Supplied data:
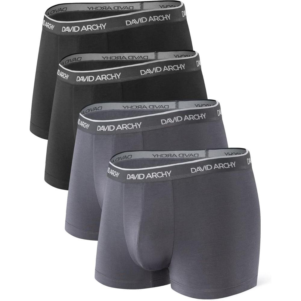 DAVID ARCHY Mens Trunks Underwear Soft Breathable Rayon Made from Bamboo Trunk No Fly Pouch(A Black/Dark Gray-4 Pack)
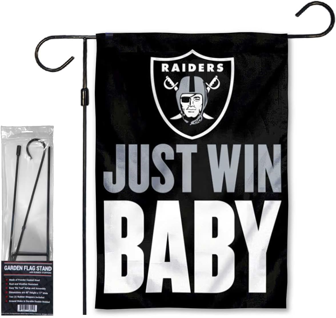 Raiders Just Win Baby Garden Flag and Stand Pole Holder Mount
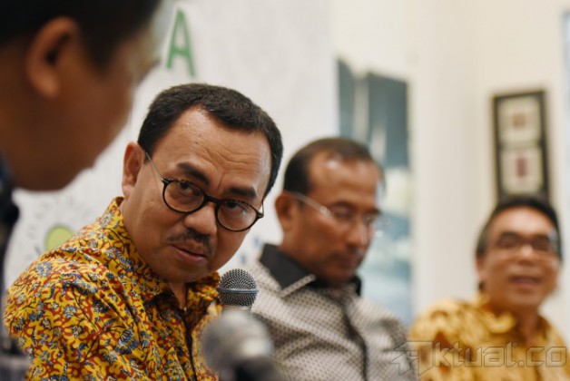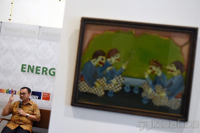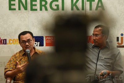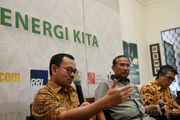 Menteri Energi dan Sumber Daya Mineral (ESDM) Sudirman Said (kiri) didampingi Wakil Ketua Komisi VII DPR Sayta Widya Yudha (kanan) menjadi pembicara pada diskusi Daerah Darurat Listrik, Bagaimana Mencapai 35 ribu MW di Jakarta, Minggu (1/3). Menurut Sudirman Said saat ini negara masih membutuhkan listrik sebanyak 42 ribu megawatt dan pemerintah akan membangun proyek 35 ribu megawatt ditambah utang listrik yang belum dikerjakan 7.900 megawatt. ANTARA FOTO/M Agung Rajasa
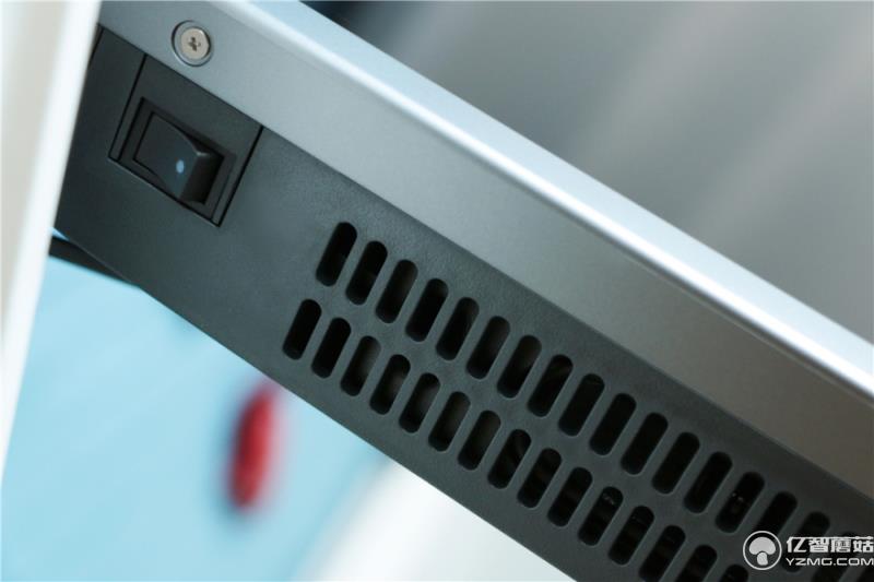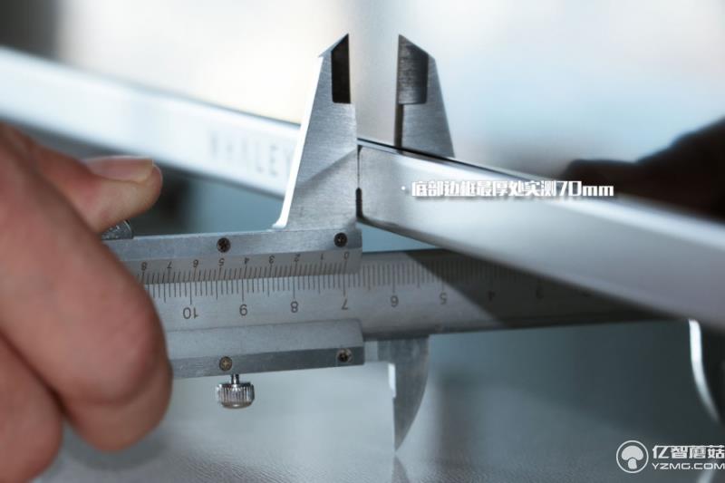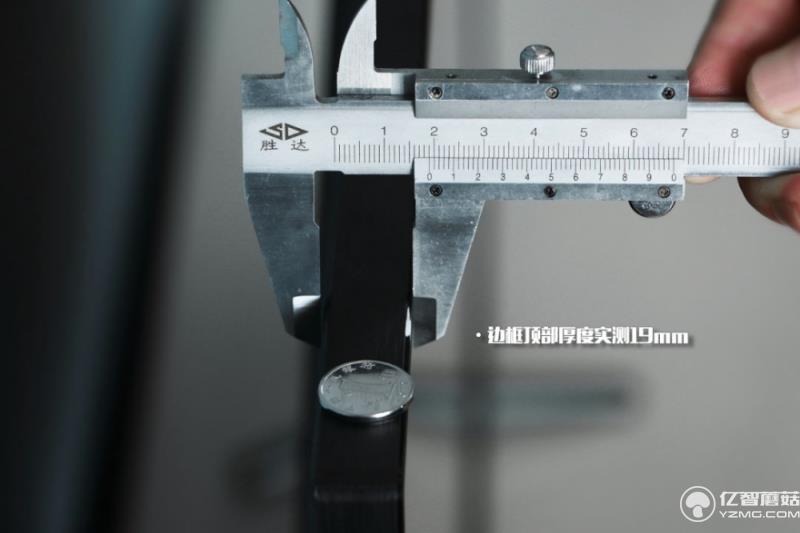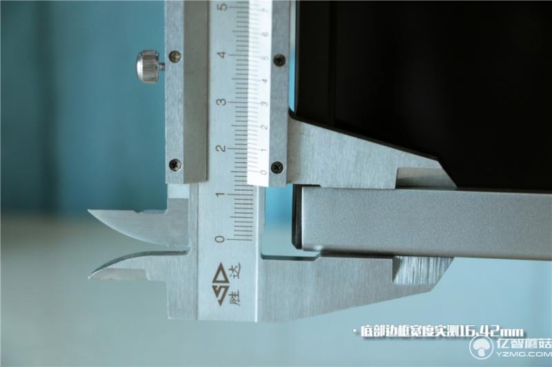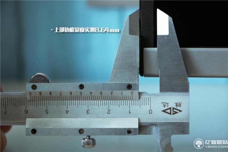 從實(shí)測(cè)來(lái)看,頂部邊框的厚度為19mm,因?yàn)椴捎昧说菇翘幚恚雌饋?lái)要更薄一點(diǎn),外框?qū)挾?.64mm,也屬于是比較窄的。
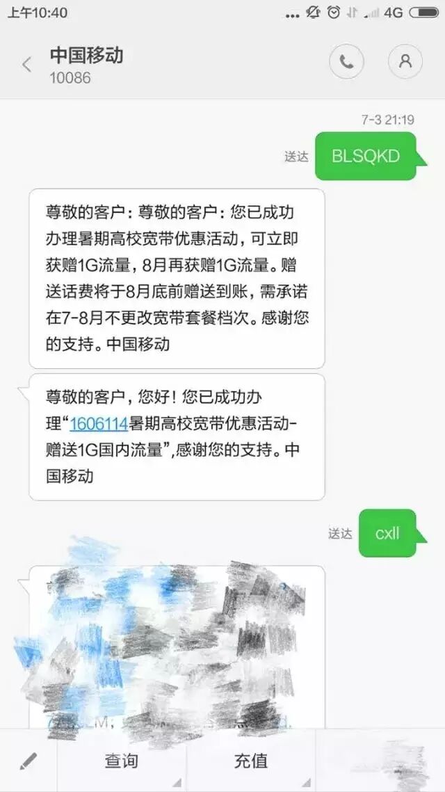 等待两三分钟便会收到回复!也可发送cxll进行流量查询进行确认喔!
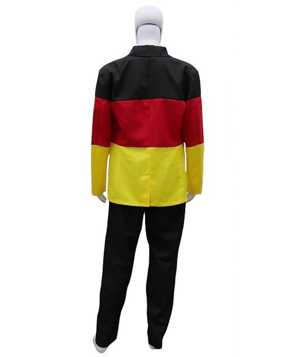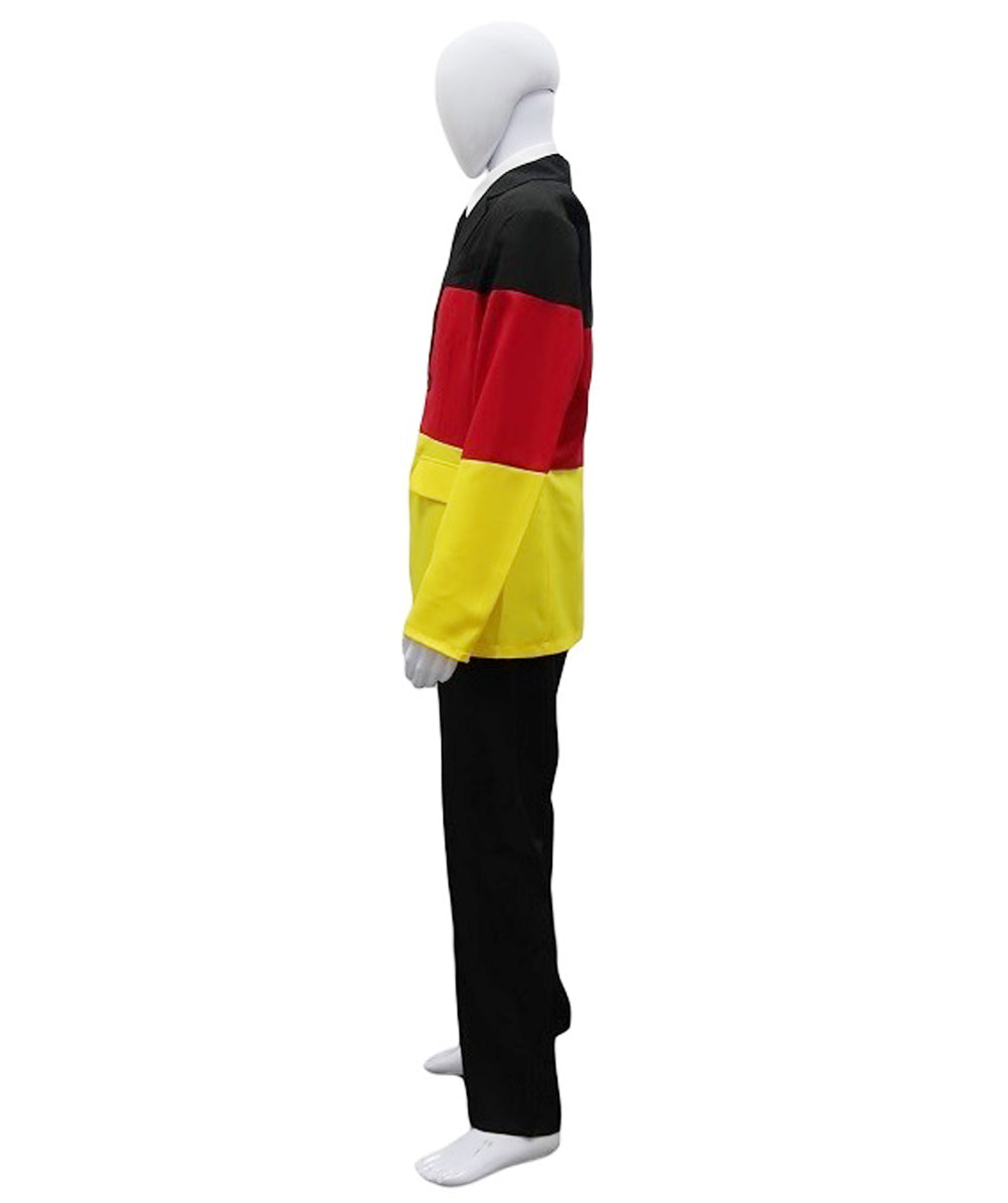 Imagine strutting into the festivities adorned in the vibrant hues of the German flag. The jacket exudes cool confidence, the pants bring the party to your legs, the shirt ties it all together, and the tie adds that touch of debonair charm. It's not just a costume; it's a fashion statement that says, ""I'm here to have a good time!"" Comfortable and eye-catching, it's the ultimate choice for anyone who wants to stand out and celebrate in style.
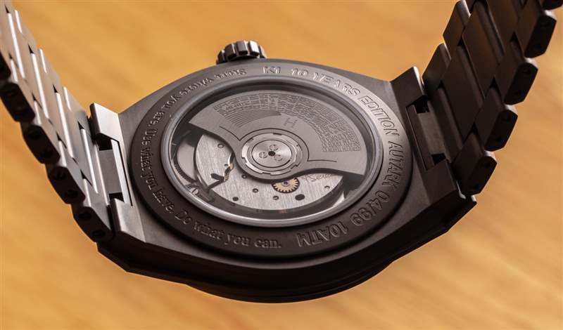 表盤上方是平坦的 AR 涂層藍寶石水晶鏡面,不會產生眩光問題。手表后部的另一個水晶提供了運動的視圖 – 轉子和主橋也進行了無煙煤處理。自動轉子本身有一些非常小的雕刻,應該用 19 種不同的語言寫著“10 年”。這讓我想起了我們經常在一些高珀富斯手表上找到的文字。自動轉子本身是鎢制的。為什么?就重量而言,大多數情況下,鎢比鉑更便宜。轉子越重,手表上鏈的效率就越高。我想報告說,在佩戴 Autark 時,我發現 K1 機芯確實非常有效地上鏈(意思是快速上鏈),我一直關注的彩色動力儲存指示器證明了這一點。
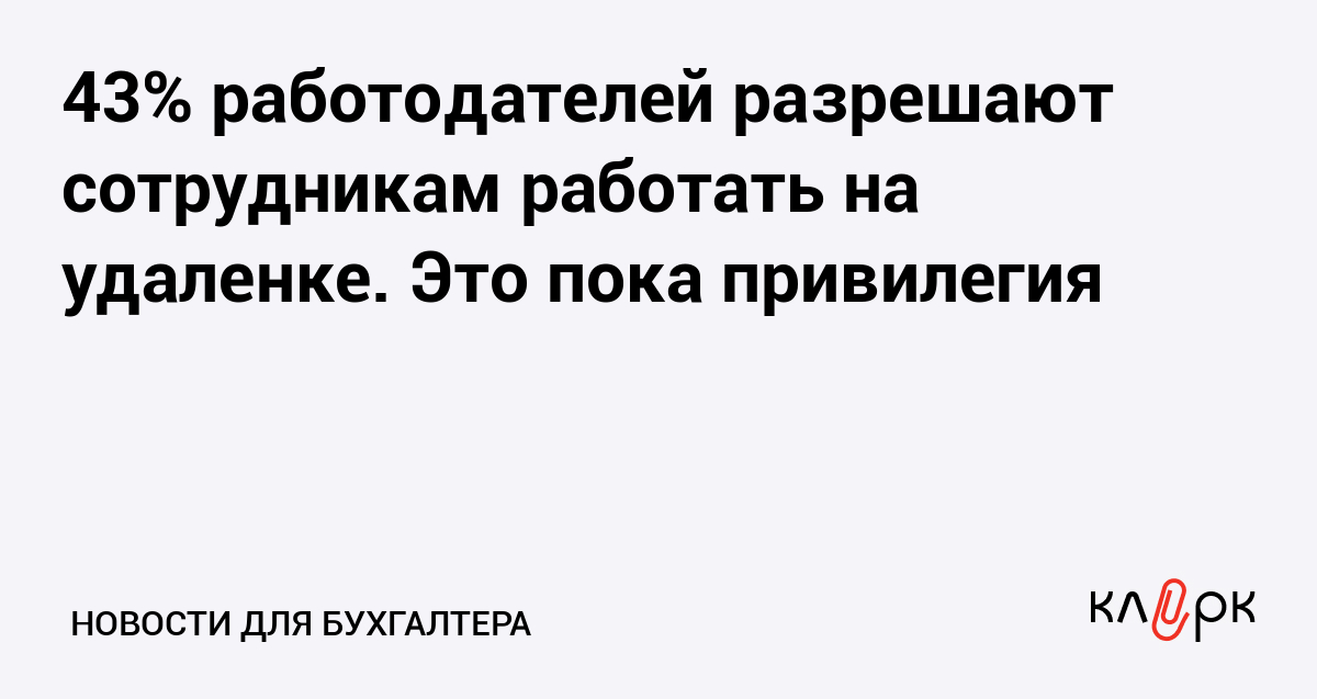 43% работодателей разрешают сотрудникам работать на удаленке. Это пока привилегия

Exercise prompt: Above are the records. Copy only the lines from the one with "Raiders Just Win" through the one with "等待两三分钟便会收到回复!也可发送cxll进行流量查询进行确认喔!", exactly, with no pictures.

Answer below:
 Raiders Just Win Baby Garden Flag and Stand Pole Holder Mount
 Menteri Energi dan Sumber Daya Mineral (ESDM) Sudirman Said (kiri) didampingi Wakil Ketua Komisi VII DPR Sayta Widya Yudha (kanan) menjadi pembicara pada diskusi Daerah Darurat Listrik, Bagaimana Mencapai 35 ribu MW di Jakarta, Minggu (1/3). Menurut Sudirman Said saat ini negara masih membutuhkan listrik sebanyak 42 ribu megawatt dan pemerintah akan membangun proyek 35 ribu megawatt ditambah utang listrik yang belum dikerjakan 7.900 megawatt. ANTARA FOTO/M Agung Rajasa
 從實(shí)測(cè)來(lái)看,頂部邊框的厚度為19mm,因?yàn)椴捎昧说菇翘幚恚雌饋?lái)要更薄一點(diǎn),外框?qū)挾?.64mm,也屬于是比較窄的。
 等待两三分钟便会收到回复!也可发送cxll进行流量查询进行确认喔!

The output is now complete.